* **WHAT THIS TASK INVOLVES**
The exact lines of the listing, from its first through the line that contains "温馨提示:点击文末阅读原文可下载 声明:素材来源网络,本文意在交流学习,普及知识,如涉及版权等问题,请及时与我们联系。 领取方式", are to make up the answer, and pictures are to be left out.

* **SUPPLIED INFORMATION**
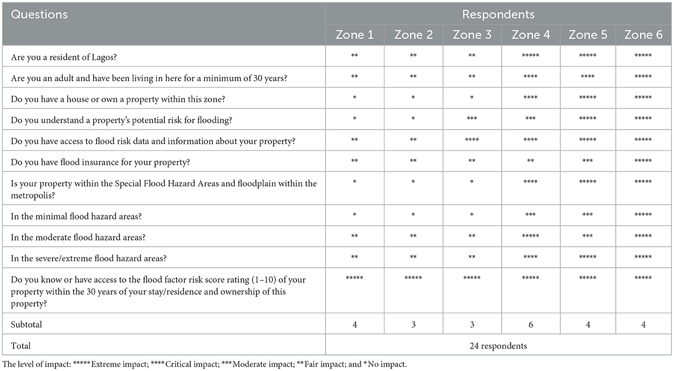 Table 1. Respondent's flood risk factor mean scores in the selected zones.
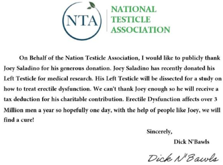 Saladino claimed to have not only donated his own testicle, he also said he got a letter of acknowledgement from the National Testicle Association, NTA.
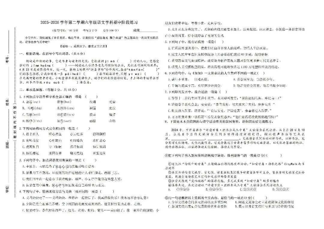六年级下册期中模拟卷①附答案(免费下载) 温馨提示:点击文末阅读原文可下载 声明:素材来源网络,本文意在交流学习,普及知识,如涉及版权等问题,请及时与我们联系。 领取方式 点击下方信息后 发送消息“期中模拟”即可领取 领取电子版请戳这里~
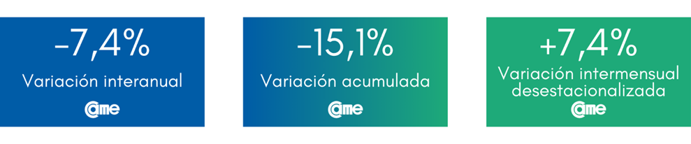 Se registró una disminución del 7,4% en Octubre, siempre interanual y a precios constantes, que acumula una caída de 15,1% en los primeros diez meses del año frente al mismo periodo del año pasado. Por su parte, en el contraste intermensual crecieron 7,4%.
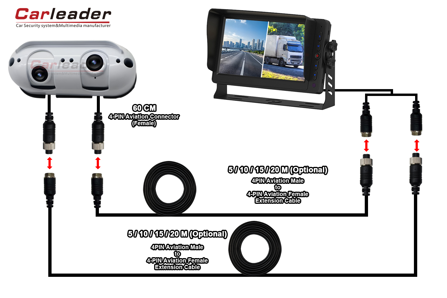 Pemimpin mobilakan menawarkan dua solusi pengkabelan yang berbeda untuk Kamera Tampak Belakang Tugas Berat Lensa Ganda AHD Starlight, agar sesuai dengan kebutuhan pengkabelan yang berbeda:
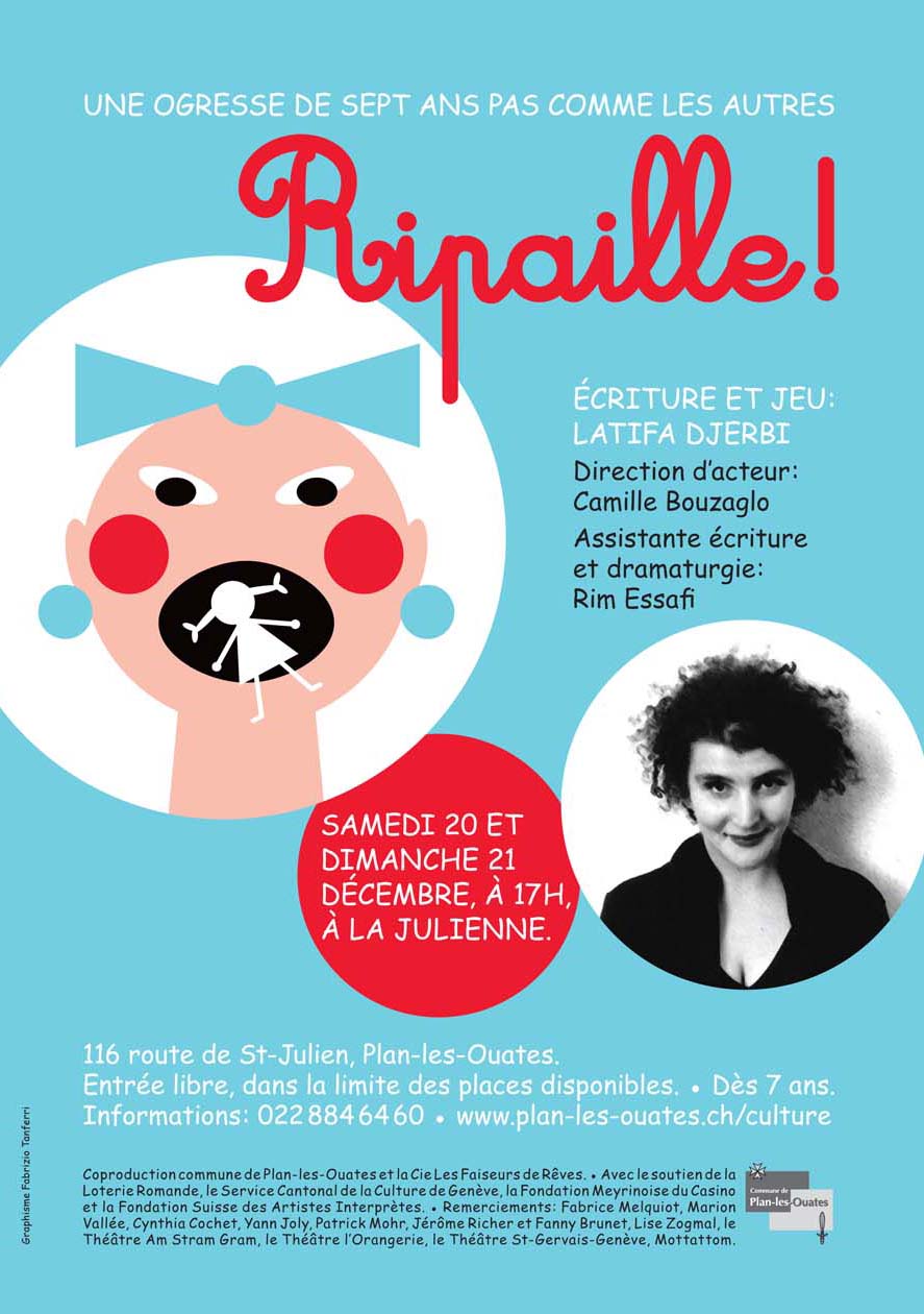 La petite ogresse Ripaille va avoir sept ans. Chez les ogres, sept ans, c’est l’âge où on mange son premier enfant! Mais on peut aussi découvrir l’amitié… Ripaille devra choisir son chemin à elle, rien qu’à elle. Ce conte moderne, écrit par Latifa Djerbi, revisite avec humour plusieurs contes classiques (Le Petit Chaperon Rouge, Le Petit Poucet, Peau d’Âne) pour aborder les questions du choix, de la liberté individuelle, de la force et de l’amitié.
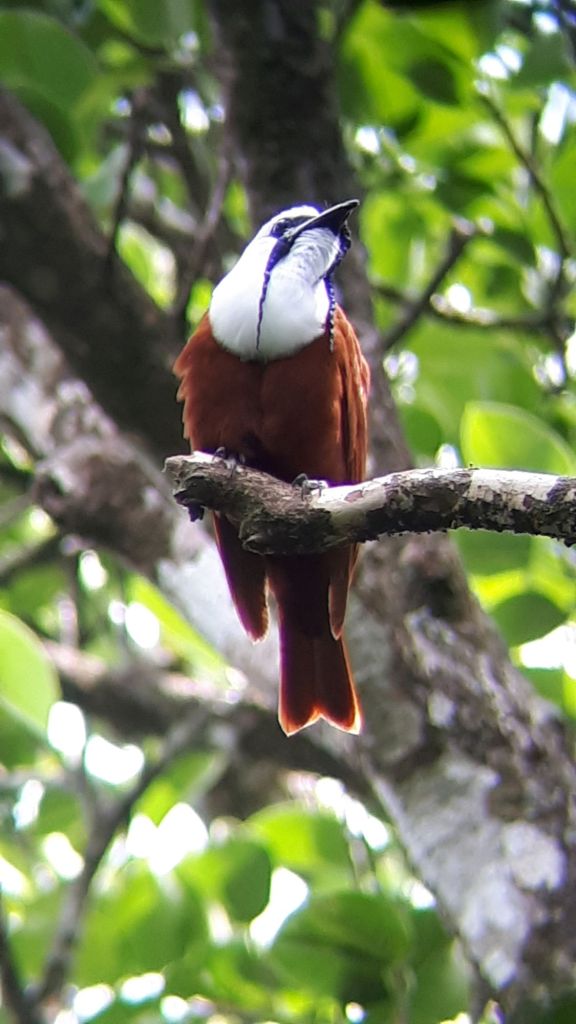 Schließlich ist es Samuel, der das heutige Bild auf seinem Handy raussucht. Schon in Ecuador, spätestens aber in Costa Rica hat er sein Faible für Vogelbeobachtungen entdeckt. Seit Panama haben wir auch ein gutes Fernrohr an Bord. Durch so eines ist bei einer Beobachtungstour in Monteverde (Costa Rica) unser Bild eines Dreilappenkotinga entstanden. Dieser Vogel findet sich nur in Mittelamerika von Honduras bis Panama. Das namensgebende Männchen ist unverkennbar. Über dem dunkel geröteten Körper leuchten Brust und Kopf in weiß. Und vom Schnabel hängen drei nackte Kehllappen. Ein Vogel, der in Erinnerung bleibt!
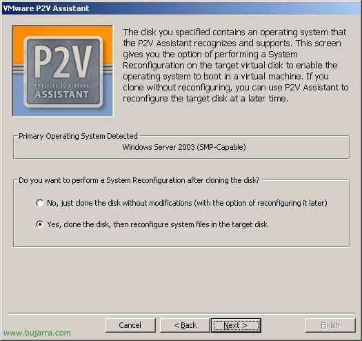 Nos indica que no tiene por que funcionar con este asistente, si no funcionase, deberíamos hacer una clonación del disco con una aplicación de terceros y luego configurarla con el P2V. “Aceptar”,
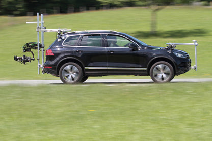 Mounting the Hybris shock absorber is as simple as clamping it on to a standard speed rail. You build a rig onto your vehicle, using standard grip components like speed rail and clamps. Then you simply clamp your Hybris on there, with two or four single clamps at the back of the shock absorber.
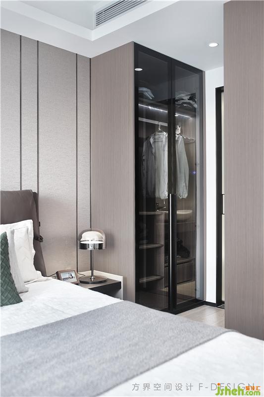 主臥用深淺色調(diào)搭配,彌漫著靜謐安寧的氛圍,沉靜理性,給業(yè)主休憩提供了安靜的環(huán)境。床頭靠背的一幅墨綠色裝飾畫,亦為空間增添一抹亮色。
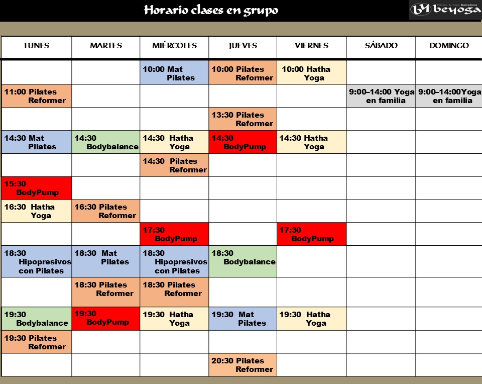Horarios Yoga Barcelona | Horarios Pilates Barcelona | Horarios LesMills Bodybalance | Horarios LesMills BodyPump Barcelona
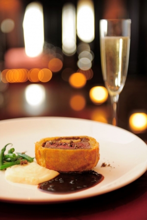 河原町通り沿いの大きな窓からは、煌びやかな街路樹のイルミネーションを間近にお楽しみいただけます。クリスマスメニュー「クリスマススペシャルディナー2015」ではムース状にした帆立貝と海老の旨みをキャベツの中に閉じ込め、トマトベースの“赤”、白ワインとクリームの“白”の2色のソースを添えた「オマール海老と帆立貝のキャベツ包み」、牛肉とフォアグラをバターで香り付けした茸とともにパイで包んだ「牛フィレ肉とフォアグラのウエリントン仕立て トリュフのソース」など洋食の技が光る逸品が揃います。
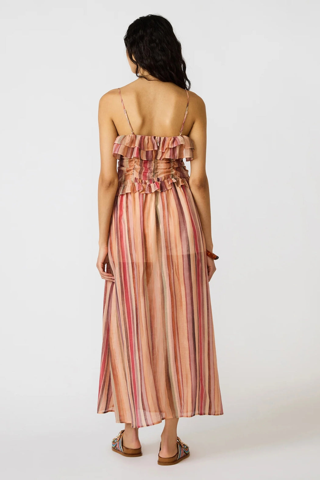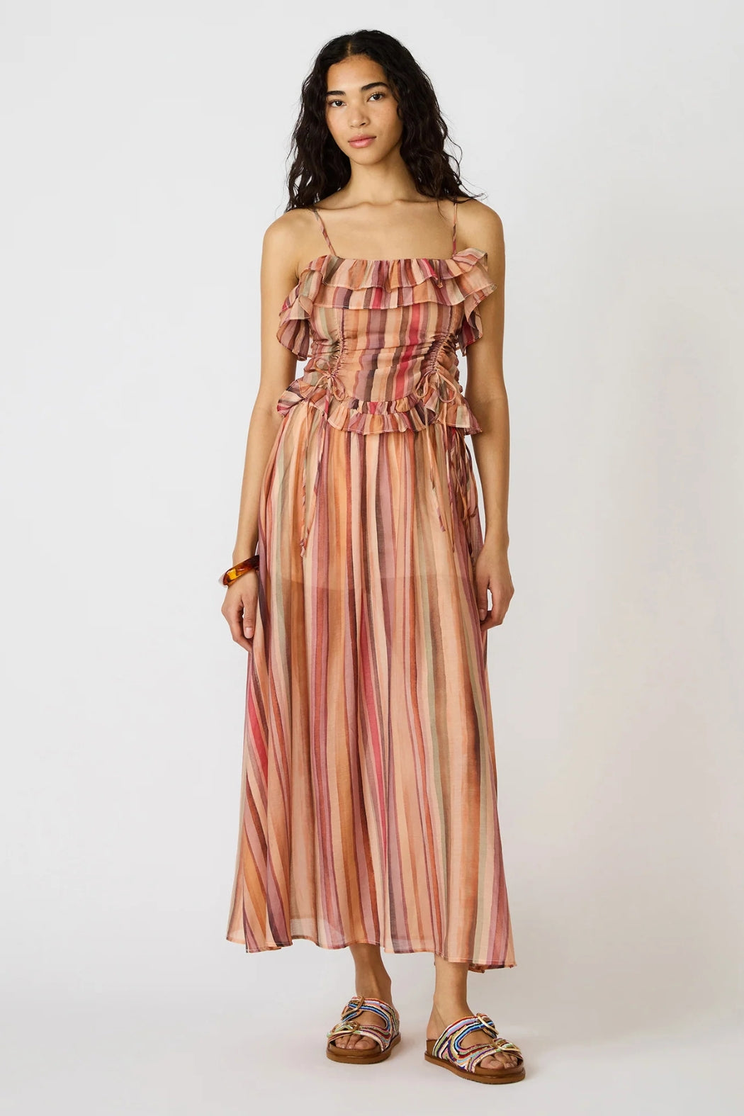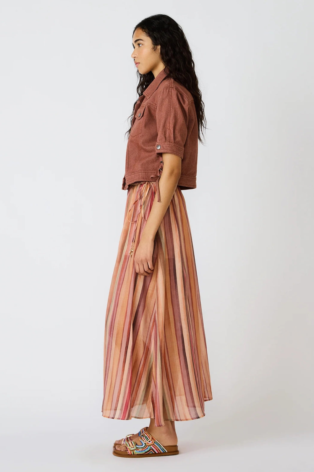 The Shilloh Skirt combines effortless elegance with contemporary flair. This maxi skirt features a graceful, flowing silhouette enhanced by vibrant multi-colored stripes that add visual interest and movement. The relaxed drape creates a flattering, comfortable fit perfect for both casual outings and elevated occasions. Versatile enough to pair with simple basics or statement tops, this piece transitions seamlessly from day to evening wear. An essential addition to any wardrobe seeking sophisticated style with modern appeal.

* **TASK SOLUTION**
 Table 1. Respondent's flood risk factor mean scores in the selected zones.
 Saladino claimed to have not only donated his own testicle, he also said he got a letter of acknowledgement from the National Testicle Association, NTA.
六年级下册期中模拟卷①附答案(免费下载) 温馨提示:点击文末阅读原文可下载 声明:素材来源网络,本文意在交流学习,普及知识,如涉及版权等问题,请及时与我们联系。 领取方式 点击下方信息后 发送消息“期中模拟”即可领取 领取电子版请戳这里~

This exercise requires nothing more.